46.秘密の特訓
「先生!聞いてくれよ!このおっちゃん達が酷いんだ!」
「ガハハハッ。別に嘘を言ってる訳じゃないさ」
「ん?いったい何の話だ?」
レンの所に来てみれば何やらガタイのいいおっちゃん達と揉めていた。いや、多分おっちゃん達の方はそんな揉めてるなんて思ってないんだろうな。

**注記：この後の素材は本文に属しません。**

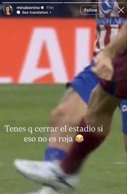 巴尔韦德妻子米娜发布社媒表示:“如果这都不算红牌,那这球场真该关门了。”
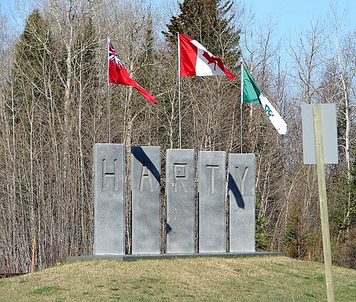 The green represents the summer months, while the white represents the winter months. The trillium is the floral symbol of Ontario, while the fleur-de-lys represents the French Canadian heritage of the Franco-Ontarian community.
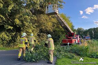 Vor Ort bestätigte sich die Lage: Ein größerer Ast lag bereits auf der Stromleitung und drohte auf die Fahrbahn zu stürzen. Umgehend wurden der zuständige Energieversorger sowie eine Drehleiter zur Einsatzstelle nachgefordert. Nach der Abschaltung der betroffenen Stromleitung konnte der Ast mittels Drehleiter sicher entfernt werden. Im Anschluss wurde die Fahrbahn gereinigt. Der Einsatz konnte nach ca. 1,5 Stunden beendet und die Einsatzstelle wieder freigegeben werden.
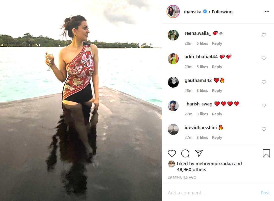 கையில் க்ளாஸுடன் பிகினி உடையில் நீச்சல் குளத்தில் நின்று கவர்ச்சி போஸ் கொடுத்த கொழு கொழு நடிகை ஹன்ஷிகா..!

「こいつがよ、魔法剣士になりてぇって言うから現実を教えてやったんだよ」
「おっちゃん達が魔法剣士は魔法が2種類以上使えないとなれないって後2年は無理だっていうんだ!」
あーなるほどなるほど。そういうことか。
「レン、まず言うがこのおっちゃん達が言ってる事は正しいぞ?魔法剣士ってのは最低でも2種類の魔法が使えないと職業変更は出来ない」
別に2年もかかりはしないが。そこは努力次第だからな。
「でもでも!アカネ先生は1種類だけでも魔法剣士になれるって言ってた!」
あー、あんにゃろ。ちゃんと教えとけっての。ったく。
「1種類でもなれるっちゃなれるさ。その場合、その1種類の魔法で王級クラスを使えるようにならないといけないけどな」
「な……」
「レンはまだ中級が少し出来てきたくらいだ。王級なんてまだまだ先になるだろうな。ま、基本魔法の4種類は全部覚えてもらう予定だからどちらにしろなれるぞ」
「そうだよな……。先生に教われば使えるようになるよな……。でも、俺は火魔法でなりたい!アカネ先生が教えてくれた火魔法で!」
レンって本当アカネが好きだな。どこがいいんだか。あんな人外。
「ったくしゃーないな。おっちゃん達レン連れてってもいいか?」
「おういいぞ!面白そうだからな!」
ガハハと笑って承諾してくれる。さて、レンには特別補講だな。
ギルドから出て人気がない場所に移動する。見られるのはまずいんでな。
「"自己空間"」
真っ暗な世界に移動する。元いた場所とは時間の流れが違う空間。ここでなら好きなだけ特訓が出来るだろう。
「レン、ここは外とは時間の流れが違う。こんなかに何時間、何日、何十年といても外では数秒から数十秒にしかならない。腹も減らないようになってるから好きなだけ特訓するといい」
「先生!ありがとう!」
「お前にこれを渡しておく。これは黒結石っていって通信連絡が出来る魔道具だ。ここから出たくなったらそれで俺に連絡しろ」
「わかった!」
さてさて、連絡が来るのは何秒後かね。
空間を閉じて、レンだけを残したまま一人元の場所へ戻る。レンを回収する時にも見られたくないので、その場で待機だ。二十秒くらいして黒結石に連絡が来た。レンからだ。
「よ。お前的には久しぶりになるんだろうが、どうだったよ?」
「はぁ、はぁ。上級までは、何とか。でも王級は無理だった……」
「ま、上出来だろ。王級がそんなポンポン出来たら教える事が無くなっちまうよ」
にしても、上級は出来るようになったのか。すげぇな。今の所魔法は一番なんじゃって思ったがクーがいたわ。あいつ俺の魔法使いがベースだから王級、禁止級まで使い放題だった。制約で禁止級は使えないようにしてあるけど。
「そんじゃ俺おっちゃん達の所に行ってくる!」
「ああ。あんま驚かせるなよ」
ま、さっきまで中級がやっとのやつが上級使ったらかなり驚くだろうけどな。